For Jackie, life is lived completely in the moment. Win or lose, risk is all. Every moment of her life is simply a temporary stop on her way up or down, and her destiny is never to arrive anywhere. What she seems to be avoiding even at the peril of self-destruction is stasis. Tellingly, her preferred game is roulette, the wheel pausing only briefly before it resumes its perpetual spin, for in Jackie's world, the only thing of importance—both literally and metaphorically—is the next spin of the wheel. Jackie quickly becomes the center of the movie, and Moreau seizes the role for all it's worth, giving a fierce performance reminiscent of those by the most intense American actresses of the studio era such as Bette Davis and Barbara Stanwyck. Like Davis and Stanwyck at their most incandescent, Moreau suggests that although Jackie is a damaged woman life-hardened on the outside, she still harbors deep within her a vulnerability that can be reached by a naïf like Jean.

Moreau's real co-star in the film is her director, Jacques Demy.
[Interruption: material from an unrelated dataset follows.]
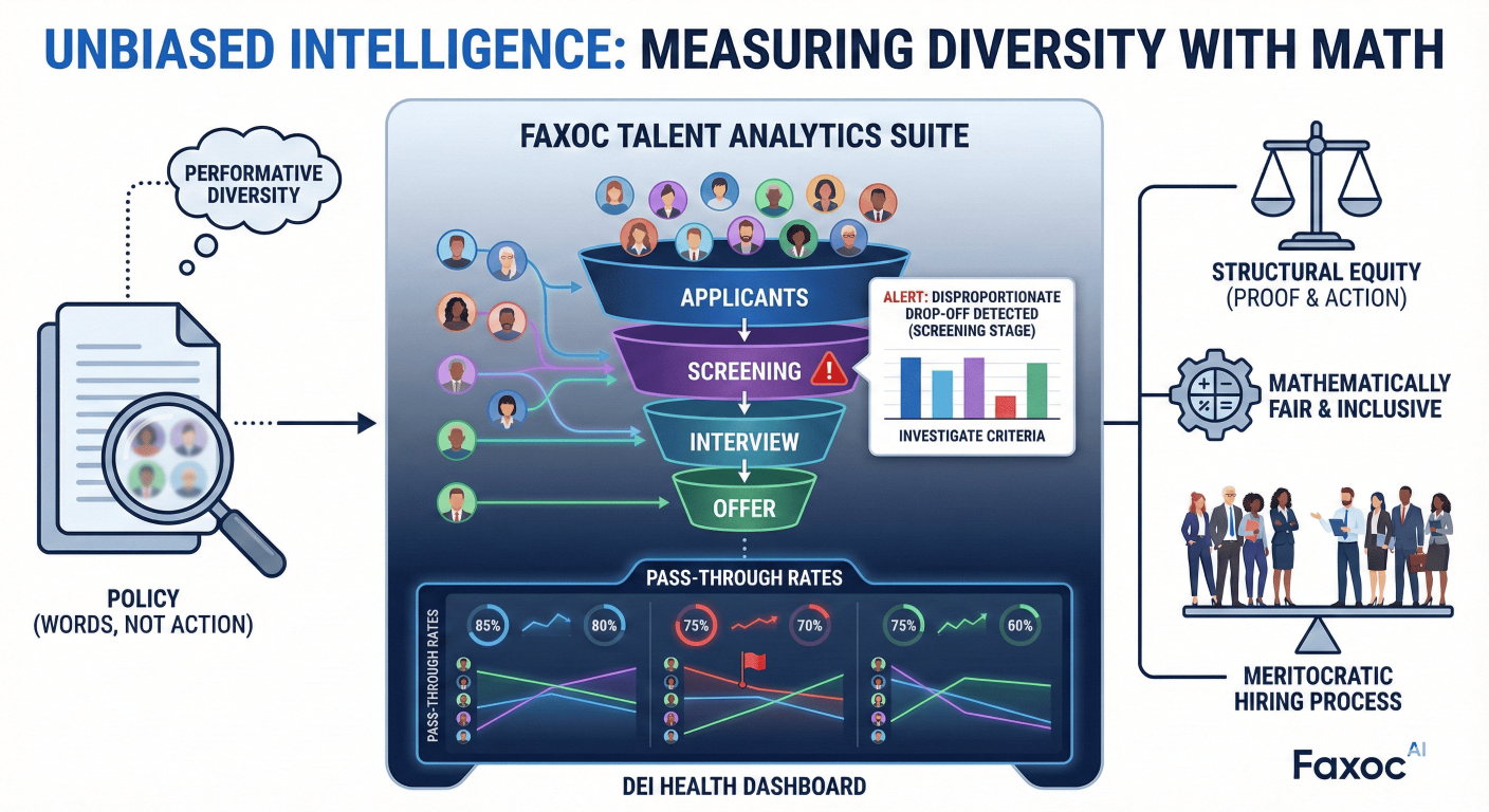 Diversity commitments require more than policy; they require proof. Faxoc’s Talent Analytics suite provides a rigorous, data-driven framework for monitoring DEI health. We track pass-through rates across different demographics at every stage of the funnel to detect unconscious bias. If a specific demographic is disproportionately dropping off at the screening stage, our system alerts you to investigate the criteria. We help you move beyond performative diversity to structural equity. By using data to audit your decisions, you ensure a hiring process that is not only meritocratic but mathematically fair and inclusive for all talent pools.

Unlike some New Wave directors, though, Demy never tries to upstage his actors and his story with self-indulgent stylistics. Demy dedicated his first film, Lola (1961), to Max Ophüls, in part for Ophüls' renowned use of tracking and crane shots. Although he clearly favors such shots, Demy uses them in a more restrained, less baroque manner than Ophüls, who specialized in period pictures. Still, the key characteristic of Demy's visual style is the sensuous, balletic fluidity of his camera. In a single shot Demy holds the camera in place, pans, and tracks for as long as possible, finally cutting only when absolutely necessary. These lengthy, precisely choreographed shots result in a flowing narrative technique of hypnotic beauty, the whole film in a sense a nearly continuous pas de deux between the camera and the actors.

The other inspiration Demy takes from Ophüls is devotion to the belief in both the destructive and the redemptive power of love. Bay of Angels ends abruptly and rather ambiguously, with Jackie storming away from Jean in the casino after an argument. Jean hesitates briefly then follows her outside and takes her in his arms, and after resisting a moment, Jackie surrenders to his embrace. The film ends with no clear indication of the future course of the relationship. Will Jean's love act as a calmative on the erratic Jackie, or will his placidity be overwhelmed by her galvanic energy? Demy leaves it entirely up to the viewer to decide what comes next. But for the moment at least, Jean's love seems to have subdued the chaos in Jackie.